▸ **Aim of the task**
Your copy should match the entries exactly, with no images carried over.

*** Dataset content Section Begins ***

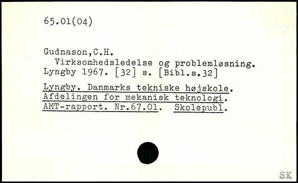 Virksomhedsledelse og problemløsning. Lyngby 1967. [32] s.
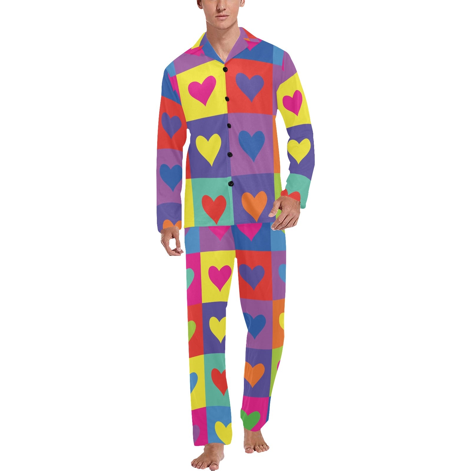Pop Art Heart Pattern Print Design A01 Men's Long Pajama Set custom-made-to-order and handcrafted to the highest quality standards.
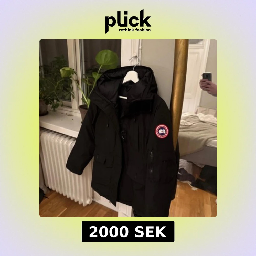 OBS- hål på ena fickan, går att sy” Svart dunjacka från Canada Goose med huva och klassisk logga på ärmen. Jackan har flera fickor framtill, dragkedja och knäppning. Perfekt för kalla vinterdagar och har en stilren look som funkar till det mesta.
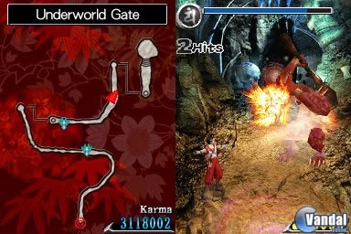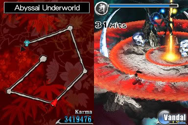 Como ya mencionábamos al inicio del análisis, Ninja Gaiden Dragon Sword saca partido de las características más definitorias del sistema portátil de Nintendo, esto es, la doble pantalla, las funciones táctiles de la pantalla inferior y el micrófono. Para empezar, deberemos de coger la consola de manera que quede orientada verticalmente, como ya hubimos de hacer en otros títulos de la consola como Hotel Dusk: Room 215 o los sempiternos Brain Training. Durante el juego, la pantalla que quedará a nuestra izquierda nos mostrará los mapas de los escenarios en los que nos encontremos en cada momento, mientras que la pantalla táctil nos presentará la acción del juego propiamente dicha. Manejaremos todos los movimientos de nuestro personaje a través de diferentes pulsaciones y trazos con el lápiz táctil, tanto para desplazarnos por los diferentes entornos como para atacar a nuestros enemigos. Por otra parte, pulsando cualquiera de los botones de nuestra consola realizaremos un movimiento de bloqueo que nos servirá para reducir el daño de los impactos del enemigo. De esta manera, la postura aparentemente más idónea para coger la consola es desde abajo, pulsando con el dedo pulgar la cruceta para bloquear, o sosteniendo la consola con toda la palma de la mano, utilizando los gatillos laterales para los movimientos defensivos.
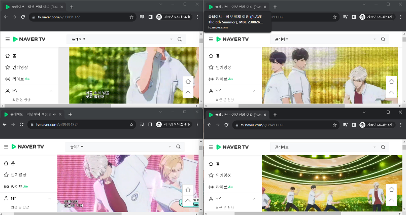 - 바둑판 모양으로 모든 창의 영상이 보이는 상태에서 스밍 (최소화X)
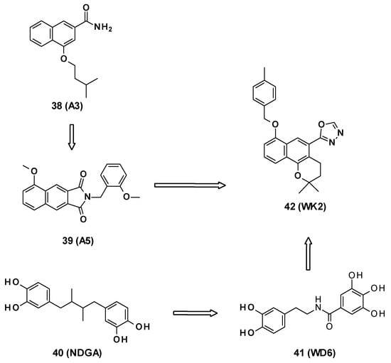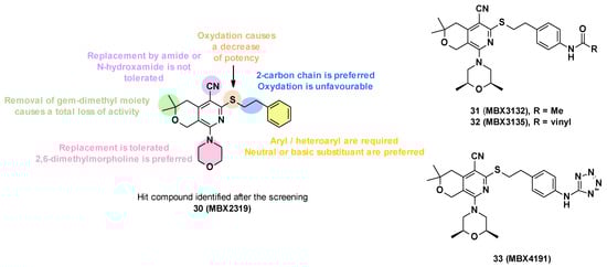 The SARs allowed the discovery of three compounds: MBX3132 (31), MBX3135 (32), and MBX4191 (33) (Figure 6) [].
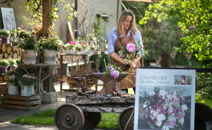 Offene Werkraumtür und Hofladen - wenn das Wetter passt wird bei offenem Feuer geschmiedet. ... wo sich Gefühle verfestigen. Feuer, Eisen, Blumen und Pflanzen sind die wesentlichen Elemente der Biobäuerin Monika Kaiser, die in ihren kunstfertigen Händen wahrlich „verschmelzen“. Bestaunen Sie die handgeschmiedeten Unikate in ihrer Natur Schmiede in Seeham. Mehr auf www.eisenkraut.at
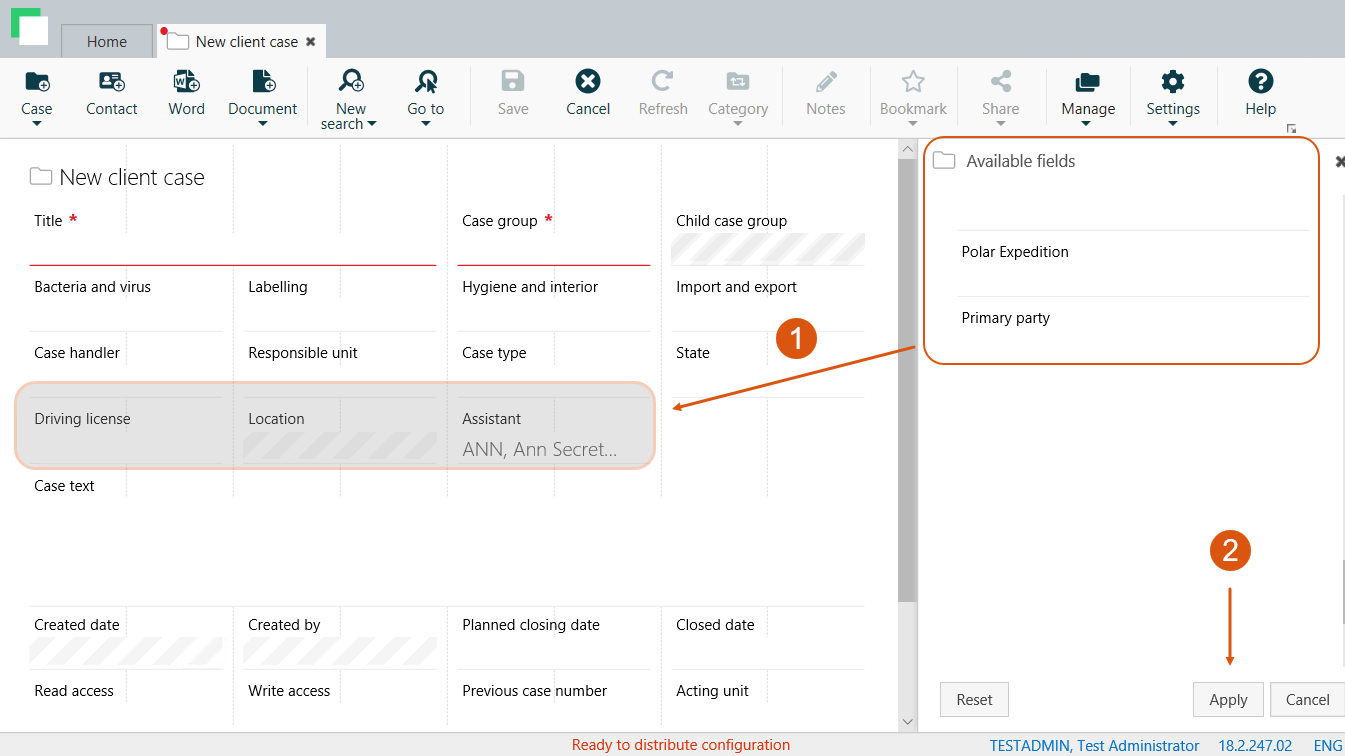 In the following example, Driving license, Location and Assistant are custom fields. An administrator adds them from the Available fields list.
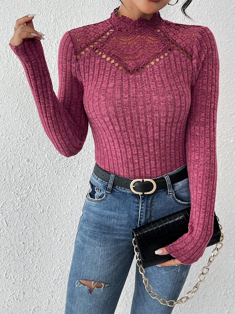 Women's Slim Fit High Neck Knitwear Spring Summer Fashion Chic Black Lace Patchwork Long Sleeve Thin Outerwear

*** Dataset content Section Ends ***

▸ **Solution below**
 Virksomhedsledelse og problemløsning. Lyngby 1967. [32] s.
Pop Art Heart Pattern Print Design A01 Men's Long Pajama Set custom-made-to-order and handcrafted to the highest quality standards.
 OBS- hål på ena fickan, går att sy” Svart dunjacka från Canada Goose med huva och klassisk logga på ärmen. Jackan har flera fickor framtill, dragkedja och knäppning. Perfekt för kalla vinterdagar och har en stilren look som funkar till det mesta.
 Como ya mencionábamos al inicio del análisis, Ninja Gaiden Dragon Sword saca partido de las características más definitorias del sistema portátil de Nintendo, esto es, la doble pantalla, las funciones táctiles de la pantalla inferior y el micrófono. Para empezar, deberemos de coger la consola de manera que quede orientada verticalmente, como ya hubimos de hacer en otros títulos de la consola como Hotel Dusk: Room 215 o los sempiternos Brain Training. Durante el juego, la pantalla que quedará a nuestra izquierda nos mostrará los mapas de los escenarios en los que nos encontremos en cada momento, mientras que la pantalla táctil nos presentará la acción del juego propiamente dicha. Manejaremos todos los movimientos de nuestro personaje a través de diferentes pulsaciones y trazos con el lápiz táctil, tanto para desplazarnos por los diferentes entornos como para atacar a nuestros enemigos. Por otra parte, pulsando cualquiera de los botones de nuestra consola realizaremos un movimiento de bloqueo que nos servirá para reducir el daño de los impactos del enemigo. De esta manera, la postura aparentemente más idónea para coger la consola es desde abajo, pulsando con el dedo pulgar la cruceta para bloquear, o sosteniendo la consola con toda la palma de la mano, utilizando los gatillos laterales para los movimientos defensivos.
 - 바둑판 모양으로 모든 창의 영상이 보이는 상태에서 스밍 (최소화X)
 The SARs allowed the discovery of three compounds: MBX3132 (31), MBX3135 (32), and MBX4191 (33) (Figure 6) [].
 Offene Werkraumtür und Hofladen - wenn das Wetter passt wird bei offenem Feuer geschmiedet. ... wo sich Gefühle verfestigen. Feuer, Eisen, Blumen und Pflanzen sind die wesentlichen Elemente der Biobäuerin Monika Kaiser, die in ihren kunstfertigen Händen wahrlich „verschmelzen“. Bestaunen Sie die handgeschmiedeten Unikate in ihrer Natur Schmiede in Seeham. Mehr auf www.eisenkraut.at
 In the following example, Driving license, Location and Assistant are custom fields. An administrator adds them from the Available fields list.
 Women's Slim Fit High Neck Knitwear Spring Summer Fashion Chic Black Lace Patchwork Long Sleeve Thin Outerwear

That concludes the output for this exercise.